The Transgondwanan Supermountain was found on Gondwana, a vast ancient continent that combined the land masses of Antarctica, Africa, South America, Australasia and India and existed between 600 million and 180 million years ago. Its break-up led eventually to the formation of the continents we are familiar with today.

The newly discovered Nuna Supermountains existed on another, much older continent named Columbia, or Nuna. This supercontinent combined landmasses from modern day South America, Africa, Eurasia and Australasia and existed between 2 and 1.8 billion years ago.

The Nuna Supermountains rivalled the height of the modern Himalayas—the world's biggest mountain range that is home to the world's tallest mountains, including Mount Everest. Yet in terms of scale, they dwarfed the Himalayas length of 1,500 miles.

"This length is about three times longer than the modern 2,400km (1,500 mile) long Himalaya mountain range," Australian National University PhD Candidate and study author Ziyi Zhu told Newsweek.
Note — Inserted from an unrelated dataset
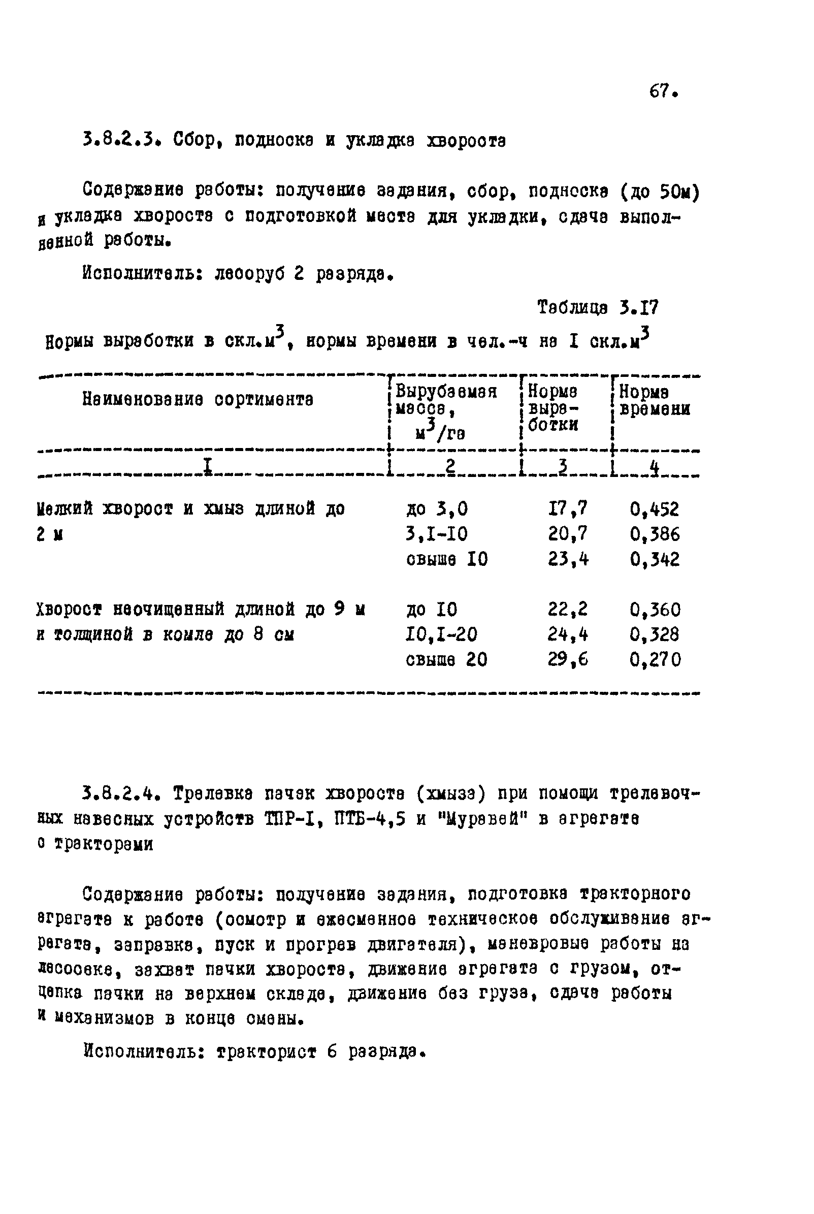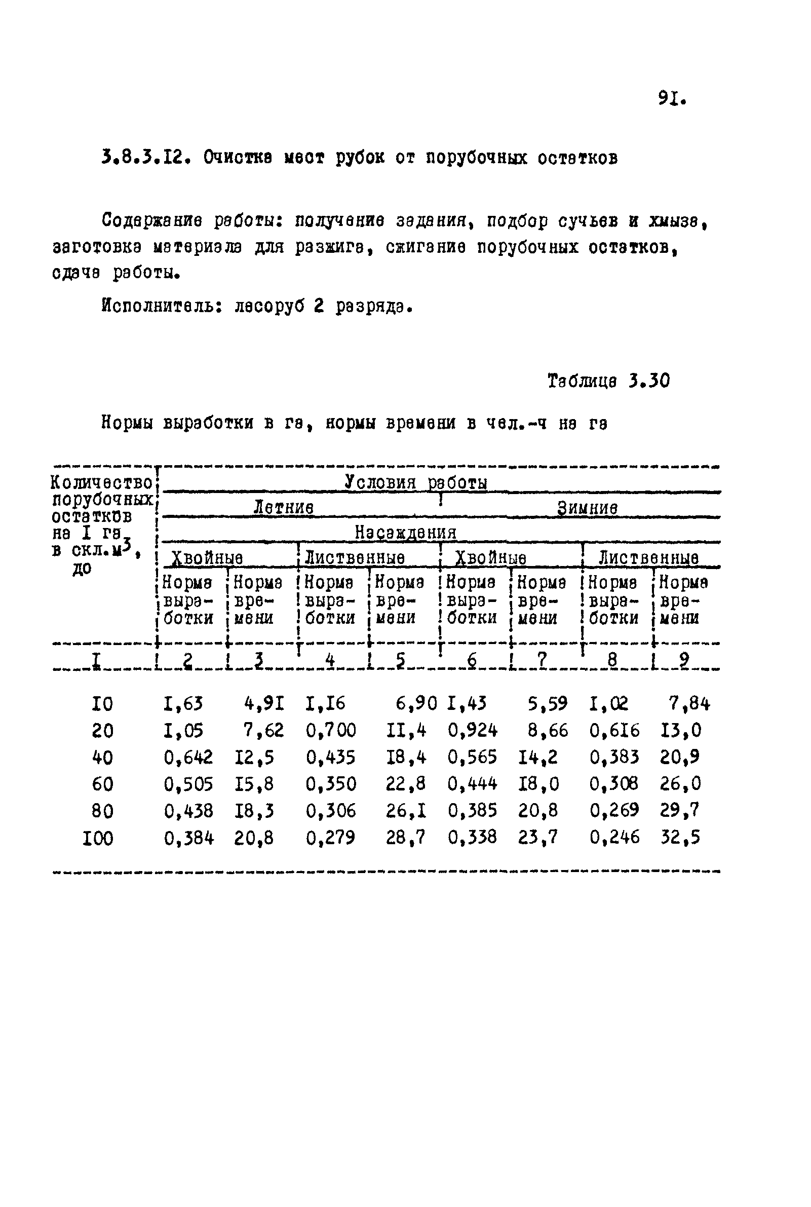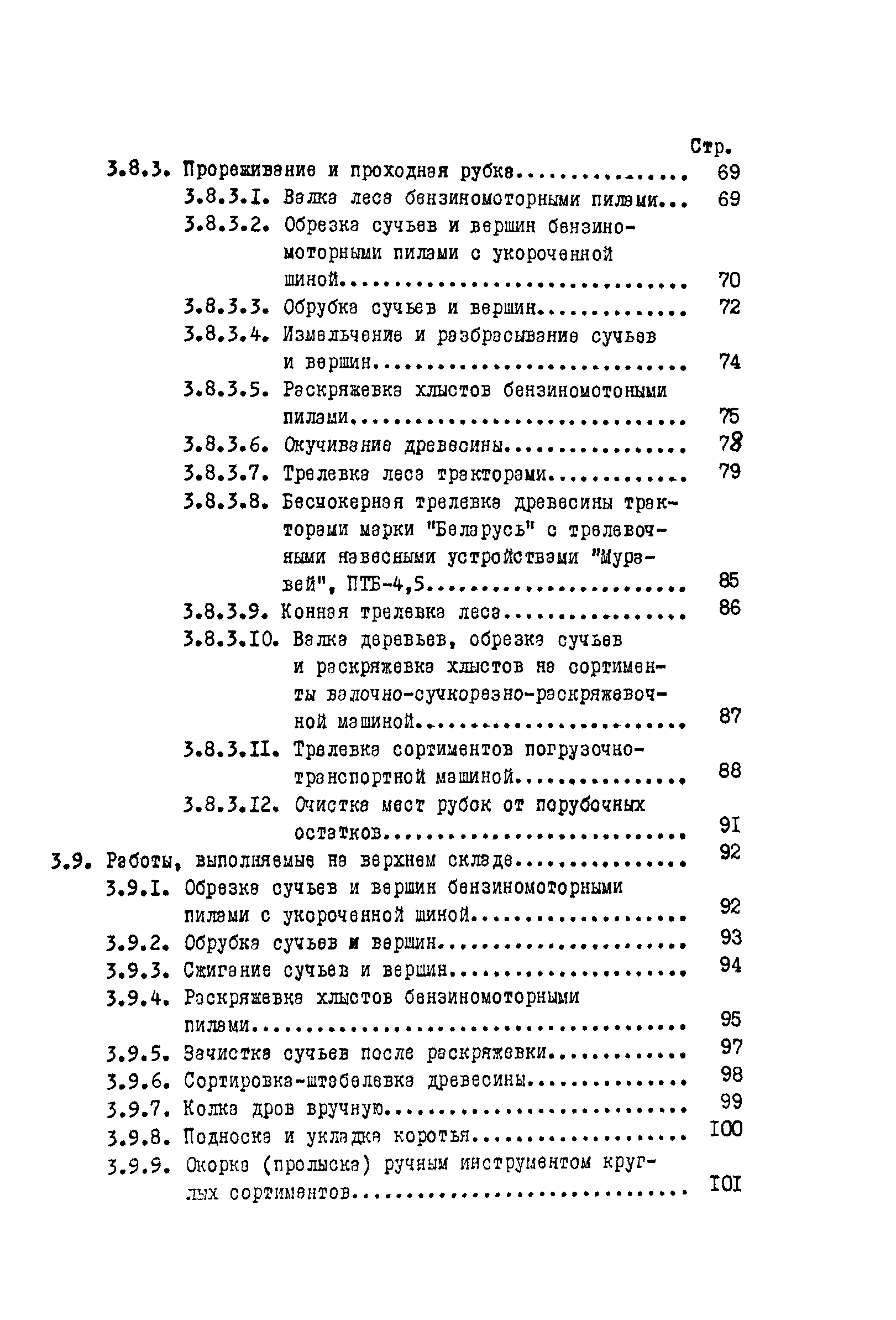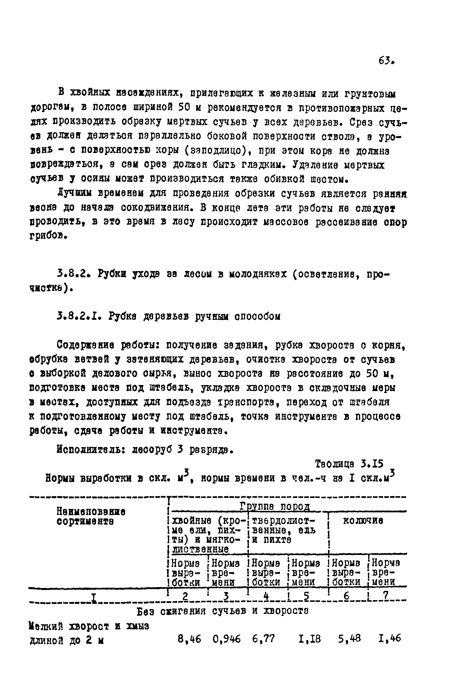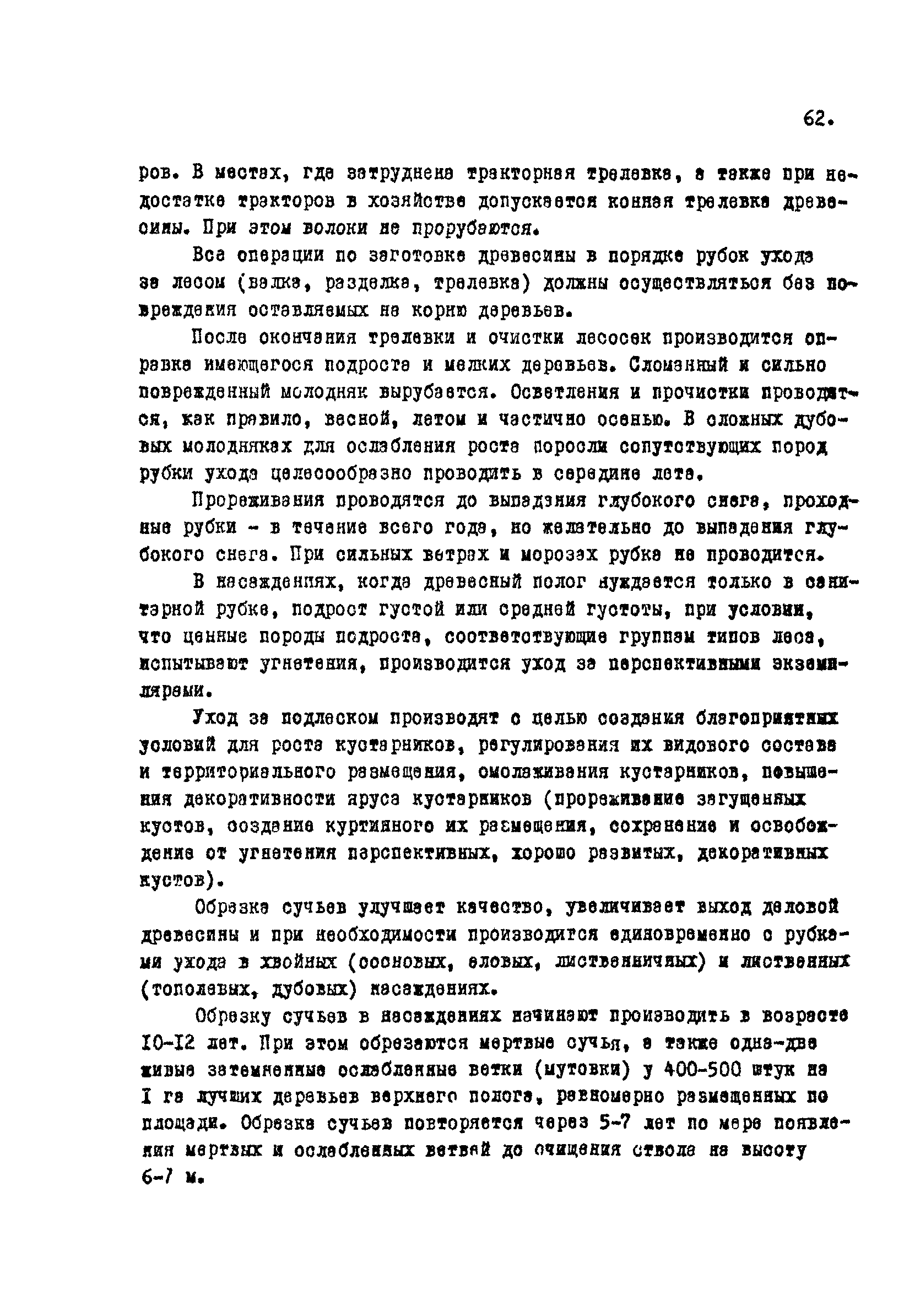 | Оглавление: | 1 Общая часть 2 Организация лесосечных работ 3 Нормативная часть 3.1 Устройство погрузочных площадок (верхних складов) 3.2 Спиливание пней заподлицо с землей 3.3 Валка леса заподлицо с землей 3.4 Уборка опасных деревьев 3.5 Уборка буреломных деревьев 3.6 Расчистка снега перед валкой при глубине снежного покрова свыше 30 см 3.7 Проведение санитарных рубок 3.8 Проведение рубок ухода за лесом 3.9 Работы, выполняемые на верхнем складе 3.10 Вывозка леса 3.11 Уход за подростом 3.12 Уход за подлеском 3.13 Обрезка сучьев 3.14 Очистка леса от захламленности 3.15 Работы на отводе лесосек 3.16 Точка, правка и ремонт лесорубочных инструментов |

The team showed the dates that the supermountain ranges existed coincided with major evolutionary changes. This potentially means they played a role in the development of life on Earth—something Zhu said she feels "really excited about."

Researchers said mountain building increased erosion and sedimentation, which helped vital substances like phosphorous flow into the the Earth's ancient oceans.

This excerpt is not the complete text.